CS 485 Programming Assignment 4
A simple shell

Due: Monday, 11 April, 2016 by 11:59:59 PM.

Programming assignments in CS 485G are individual work. You may discuss approaches with other students, but may not share code or pseudocode for the assignment. If do get ideas from somebody, or use snippets of code from elsewhere, you must cite the source in your documentation.

Correction: There was an error in the expected output of test 01 (tests/expected/test.01.empty-input.out). The correct output should be an empty file (0 bytes), but the original version contained a newline (1 byte).

You may either download a new copy of the provided code, or replace the file yourself with:
: > tests/expected/test.01.empty-input.out
(The colon is part of the command.)

Late submissions: The penalty for the first day late has been reduced from to 5% (from the usual 10%). Late penalties for subsequent days are still 10%. That is, if you turn in the program by Tuesday night, your score will be reduced by 5 points (out of 100); by Wednesday night, 15 points; and so on.

Contents

Background

A shell is an application program that runs other programs on behalf of the user (see chapter 8.4.6 of the textbook). A shell reads in command lines from the user or from a script file, executing the program specified on each line. Most commands run by a shell are external executables to be executed in separate processes, but a few are built-in commands, which are implemented in the shell itself.
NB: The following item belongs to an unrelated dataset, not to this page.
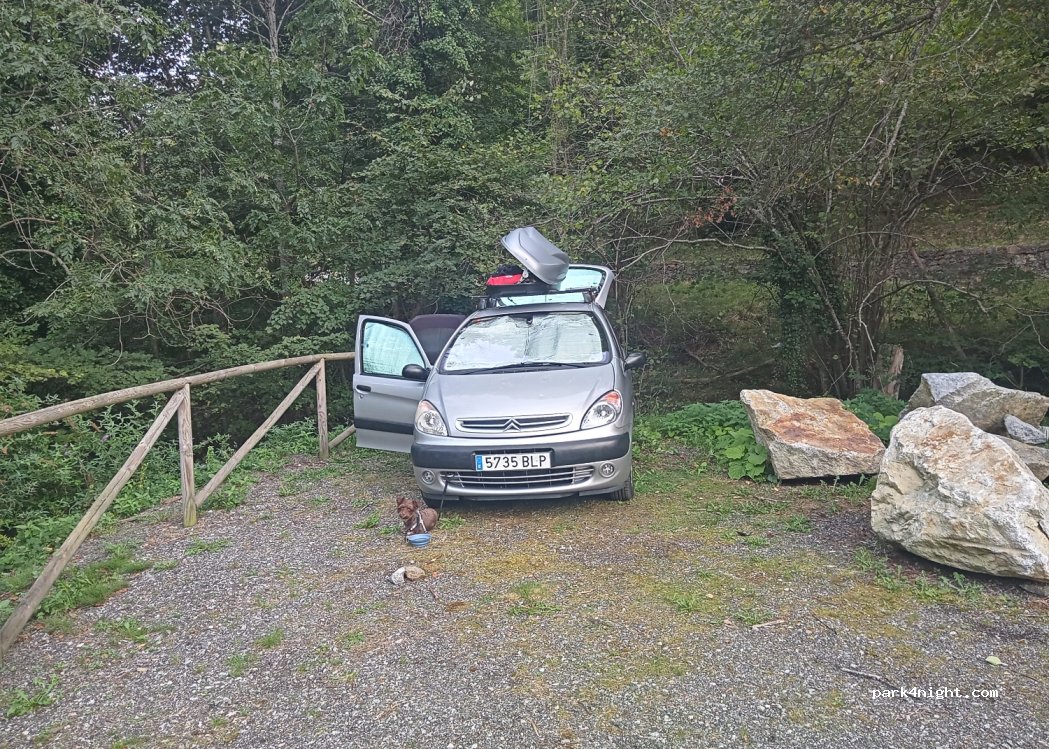 Molt a prop de la carretera. Terra de grava una mica inclinat. Entorn bonic però no pots sortir de l'aparcament.

More advanced shells also provide programming capabilities: variables, conditional statements, loops, and so on, but you will not be going that far in this assignment: that is more of a matter for CS 441G (compilers) or CS 450G (programming languages).

Some popular shells:

Your task in this assignment is to implement a simple shell that supports executing external command (programs), performing simple redirections, and evaluating a few built-in commands.

Provided files

The following files may be downloaded as a compressed tar archive.

Specifications

Your shell should support being called in one of two ways:

Whichever way it is called, your shell should do the following in a loop:

  1. Read a line from stdin or the script. If there was an error, or you encounted an end of file.
    (You may impose a maximum length on input lines, but the maximum must be at least 512 bytes, you should document any such limitation, and of course you should avoid buffer overflows.)
  2. Call parse_command (in parser.c) to parse the line into a structure containing an array of arguments, an optional input redirection, and an optional output redirection.
  3. Based on argument 0 (the command name), either execute one of the built-in commands, or fork and execute an external program.
  4. Call free_command to free the memory returned by parse_command.

Parsing commands

You do not have to parse commands yourself, but can rely on the provided parse_command function. This function takes a string argument (the command line to be parsed) and returns a pointer to a struct command containing three members:

Note that, if the command line was blank, parse_command returns a command struct with no arguments or command name (args[0] == NULL). Your program should handle such empty commands (by ignoring them).

You must call free_command on the pointer returned by parse_command, after executing the command and before reading the next one.

Built-in commands

Your shell should support the following built-in commands. You may ignore any redirections specified with these commands. If a built-in command encounters an error, it should not terminate the entire shell, but rather report that error and return to the main loop.

cd dir

The cd command, when given one or more arguments, should use the chdir system call to change the shell's current working directory as specified by the dir argument.

cd

If cd is called with no arguments, it should change to the user's home directory. You can find the home directory with getenv("HOME"), but beware: that function might return NULL if the user has removed that environment variable. If that is the case, report an error message (but do not terminate the program).

setenv variable value

The setenv command sets an environment variable. These variables control various aspects of the standard library and the programs you execute: the user's home directory, the path in which to search for executables, etc. For example, the LD_PRELOAD we saw in Lab 3 is an environment variable.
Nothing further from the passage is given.